Start of Recorded data

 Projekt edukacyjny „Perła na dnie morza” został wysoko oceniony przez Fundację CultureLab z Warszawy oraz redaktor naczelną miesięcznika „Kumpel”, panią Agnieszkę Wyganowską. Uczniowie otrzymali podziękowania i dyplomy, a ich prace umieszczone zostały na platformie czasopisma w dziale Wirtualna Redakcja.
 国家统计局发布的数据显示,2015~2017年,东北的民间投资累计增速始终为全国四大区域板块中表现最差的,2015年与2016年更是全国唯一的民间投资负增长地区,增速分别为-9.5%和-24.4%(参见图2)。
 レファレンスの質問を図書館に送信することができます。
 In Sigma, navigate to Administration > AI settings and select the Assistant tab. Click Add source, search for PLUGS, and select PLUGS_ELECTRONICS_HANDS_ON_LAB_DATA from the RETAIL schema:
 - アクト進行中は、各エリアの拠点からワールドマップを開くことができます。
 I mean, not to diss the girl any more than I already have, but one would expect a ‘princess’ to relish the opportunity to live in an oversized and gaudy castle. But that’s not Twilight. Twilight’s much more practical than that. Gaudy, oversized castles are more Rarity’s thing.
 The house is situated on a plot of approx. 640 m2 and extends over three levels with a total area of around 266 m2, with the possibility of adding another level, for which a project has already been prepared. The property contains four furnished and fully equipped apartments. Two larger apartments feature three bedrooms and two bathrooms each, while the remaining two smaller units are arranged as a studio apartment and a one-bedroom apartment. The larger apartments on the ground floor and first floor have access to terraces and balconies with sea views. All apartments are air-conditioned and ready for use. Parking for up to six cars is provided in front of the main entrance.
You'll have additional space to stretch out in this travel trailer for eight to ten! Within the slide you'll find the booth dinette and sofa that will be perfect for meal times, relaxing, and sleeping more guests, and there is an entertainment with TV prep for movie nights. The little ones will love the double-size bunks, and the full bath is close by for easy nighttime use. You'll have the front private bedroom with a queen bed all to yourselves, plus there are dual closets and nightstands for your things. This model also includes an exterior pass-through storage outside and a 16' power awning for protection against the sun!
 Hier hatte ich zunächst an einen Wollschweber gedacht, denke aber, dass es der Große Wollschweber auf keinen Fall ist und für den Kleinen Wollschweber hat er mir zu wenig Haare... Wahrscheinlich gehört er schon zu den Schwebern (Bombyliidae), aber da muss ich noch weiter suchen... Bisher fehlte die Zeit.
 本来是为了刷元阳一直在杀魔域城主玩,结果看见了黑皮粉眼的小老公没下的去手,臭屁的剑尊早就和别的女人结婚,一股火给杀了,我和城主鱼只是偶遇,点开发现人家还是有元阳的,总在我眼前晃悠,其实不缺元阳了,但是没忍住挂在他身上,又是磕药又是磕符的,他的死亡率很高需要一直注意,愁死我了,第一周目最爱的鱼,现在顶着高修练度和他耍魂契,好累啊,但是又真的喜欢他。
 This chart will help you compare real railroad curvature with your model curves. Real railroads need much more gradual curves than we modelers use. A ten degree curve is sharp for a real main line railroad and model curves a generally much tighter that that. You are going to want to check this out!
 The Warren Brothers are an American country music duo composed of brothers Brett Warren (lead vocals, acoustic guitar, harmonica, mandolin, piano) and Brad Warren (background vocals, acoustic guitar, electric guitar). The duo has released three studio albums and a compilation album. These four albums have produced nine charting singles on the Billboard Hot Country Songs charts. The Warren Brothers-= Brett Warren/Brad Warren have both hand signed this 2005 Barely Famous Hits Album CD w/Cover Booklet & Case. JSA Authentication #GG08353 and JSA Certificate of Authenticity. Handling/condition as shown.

End of Recorded data

### Work required
Set every record down word for word, omitting none.

### Result for this exercise
 Projekt edukacyjny „Perła na dnie morza” został wysoko oceniony przez Fundację CultureLab z Warszawy oraz redaktor naczelną miesięcznika „Kumpel”, panią Agnieszkę Wyganowską. Uczniowie otrzymali podziękowania i dyplomy, a ich prace umieszczone zostały na platformie czasopisma w dziale Wirtualna Redakcja.
 国家统计局发布的数据显示,2015~2017年,东北的民间投资累计增速始终为全国四大区域板块中表现最差的,2015年与2016年更是全国唯一的民间投资负增长地区,增速分别为-9.5%和-24.4%(参见图2)。
 レファレンスの質問を図書館に送信することができます。
 In Sigma, navigate to Administration > AI settings and select the Assistant tab. Click Add source, search for PLUGS, and select PLUGS_ELECTRONICS_HANDS_ON_LAB_DATA from the RETAIL schema:
 - アクト進行中は、各エリアの拠点からワールドマップを開くことができます。
 I mean, not to diss the girl any more than I already have, but one would expect a ‘princess’ to relish the opportunity to live in an oversized and gaudy castle. But that’s not Twilight. Twilight’s much more practical than that. Gaudy, oversized castles are more Rarity’s thing.
 The house is situated on a plot of approx. 640 m2 and extends over three levels with a total area of around 266 m2, with the possibility of adding another level, for which a project has already been prepared. The property contains four furnished and fully equipped apartments. Two larger apartments feature three bedrooms and two bathrooms each, while the remaining two smaller units are arranged as a studio apartment and a one-bedroom apartment. The larger apartments on the ground floor and first floor have access to terraces and balconies with sea views. All apartments are air-conditioned and ready for use. Parking for up to six cars is provided in front of the main entrance.
You'll have additional space to stretch out in this travel trailer for eight to ten! Within the slide you'll find the booth dinette and sofa that will be perfect for meal times, relaxing, and sleeping more guests, and there is an entertainment with TV prep for movie nights. The little ones will love the double-size bunks, and the full bath is close by for easy nighttime use. You'll have the front private bedroom with a queen bed all to yourselves, plus there are dual closets and nightstands for your things. This model also includes an exterior pass-through storage outside and a 16' power awning for protection against the sun!
 Hier hatte ich zunächst an einen Wollschweber gedacht, denke aber, dass es der Große Wollschweber auf keinen Fall ist und für den Kleinen Wollschweber hat er mir zu wenig Haare... Wahrscheinlich gehört er schon zu den Schwebern (Bombyliidae), aber da muss ich noch weiter suchen... Bisher fehlte die Zeit.
 本来是为了刷元阳一直在杀魔域城主玩,结果看见了黑皮粉眼的小老公没下的去手,臭屁的剑尊早就和别的女人结婚,一股火给杀了,我和城主鱼只是偶遇,点开发现人家还是有元阳的,总在我眼前晃悠,其实不缺元阳了,但是没忍住挂在他身上,又是磕药又是磕符的,他的死亡率很高需要一直注意,愁死我了,第一周目最爱的鱼,现在顶着高修练度和他耍魂契,好累啊,但是又真的喜欢他。
 This chart will help you compare real railroad curvature with your model curves. Real railroads need much more gradual curves than we modelers use. A ten degree curve is sharp for a real main line railroad and model curves a generally much tighter that that. You are going to want to check this out!
 The Warren Brothers are an American country music duo composed of brothers Brett Warren (lead vocals, acoustic guitar, harmonica, mandolin, piano) and Brad Warren (background vocals, acoustic guitar, electric guitar). The duo has released three studio albums and a compilation album. These four albums have produced nine charting singles on the Billboard Hot Country Songs charts. The Warren Brothers-= Brett Warren/Brad Warren have both hand signed this 2005 Barely Famous Hits Album CD w/Cover Booklet & Case. JSA Authentication #GG08353 and JSA Certificate of Authenticity. Handling/condition as shown.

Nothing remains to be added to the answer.